-- Opening Marker --
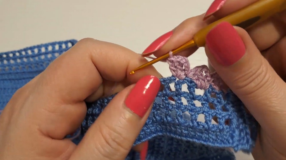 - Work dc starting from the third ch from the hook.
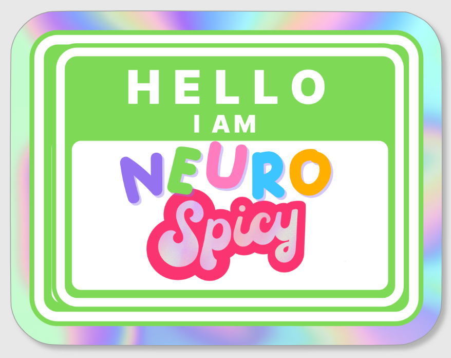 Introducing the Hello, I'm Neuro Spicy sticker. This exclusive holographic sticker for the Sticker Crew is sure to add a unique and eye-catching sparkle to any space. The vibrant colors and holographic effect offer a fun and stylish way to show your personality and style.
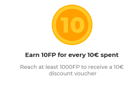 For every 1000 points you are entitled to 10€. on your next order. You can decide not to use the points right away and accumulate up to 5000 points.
-- Closing Marker --
-- Opening Marker --
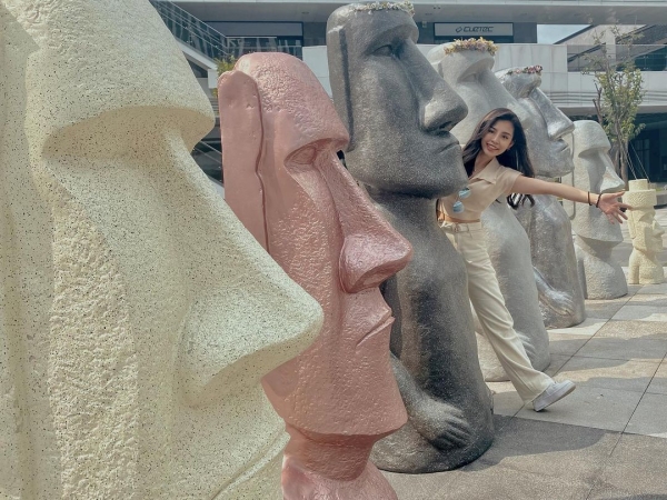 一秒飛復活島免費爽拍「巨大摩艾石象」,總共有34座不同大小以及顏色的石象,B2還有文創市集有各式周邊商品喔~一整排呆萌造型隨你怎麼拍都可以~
-- Closing Marker --
*Task directions:* Leave the pictures out. Output, exactly, the lines of the material above starting at the line containing "- Work dc starting" and ending at the line containing "For every 1000".

*Exercise answer:*
 - Work dc starting from the third ch from the hook.
 Introducing the Hello, I'm Neuro Spicy sticker. This exclusive holographic sticker for the Sticker Crew is sure to add a unique and eye-catching sparkle to any space. The vibrant colors and holographic effect offer a fun and stylish way to show your personality and style.
 For every 1000 points you are entitled to 10€. on your next order. You can decide not to use the points right away and accumulate up to 5000 points.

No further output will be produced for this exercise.